Теперь из нее появлялись на свет божий опечатанные храмы, древние идолы, увешанные медовыми сотами, загадочные обряды над пустой колыбелью, песни, которые пелись на берегу моря и прерывались мистическими паузами, как бы в ожидании, когда же наконец разверзнется лоно волн и родит громы, процессии с корзинами, в которые запрещалось заглядывать, ночные сборища в горах и пляски в лесных чащах, серебрящихся в лунном свете и обрызганных алой кровью разрываемых живьем животных. И хотя слово учителя было не в силах охватить могучий хор этих призраков, они сами прокладывали себе дорогу и врывались в притихший класс, наполняя его тем космическим гулом, от которого трепещут вакханки Эврипида, услыхав предсказание, что «вскоре вся земля пустится в пляс».

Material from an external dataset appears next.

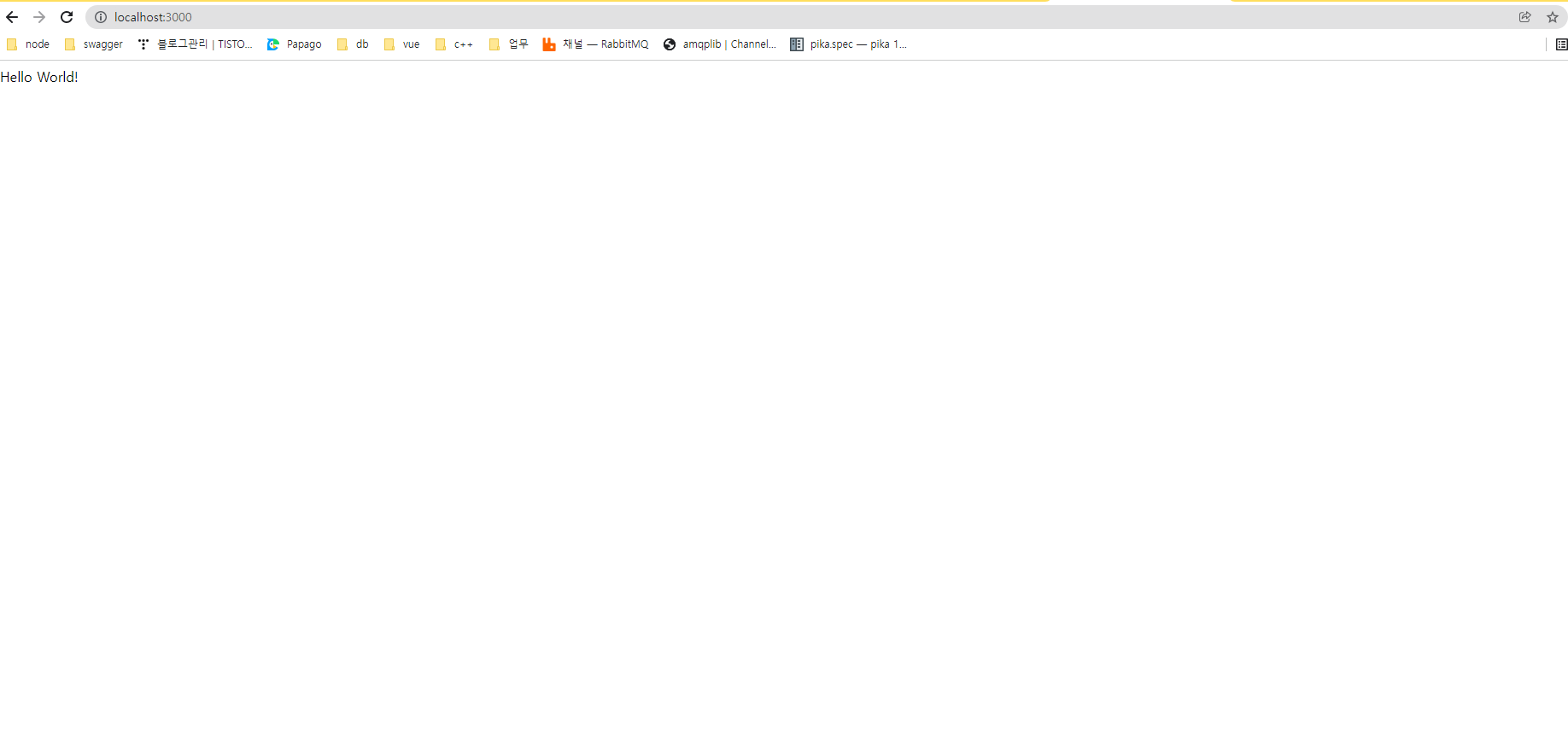 위처럼 정상 실행되고 브라우져를 통해 localhost:3000으로 접속하면 hello world가 보일것 입니다.

Снова появилась на доске карта Греции, напоминавшая большой лист, сочный, разлапистый, пышный, будто воплотились в нем души всех листьев, которые тем временем уже погибли от ночных заморозков, и Роек с Теофилем совершали дерзкие походы в поисках мест, где Дионис собирал своих приверженцев на молитву. Из этих паломничеств они возвращались овеянные ароматом виноградников и захмелевшие от звучных названий, как от молодого вина. Теофиля поражала глубина и страстность религии, которую он до сих пор, судя по своим учебникам, считал какой-то странной причудой и думал, что христианство пришло как раз вовремя, чтобы избавить древний мир от этого прискорбного и слишком затянувшегося буйства.
— Роек спятил, — сказал на переменке Сивак. — На кой черт он морочит нам голову этим древним идолопоклонством. Ведь доказано, что человечество с развитием цивилизации переходит от политеизма к монотеизму.
— Будь это так, — возразил Теофиль, — тогда бы Палестина была более просвещенной, чем Греция, а нынешняя Япония — темной и дикой в сравнении с Турцией.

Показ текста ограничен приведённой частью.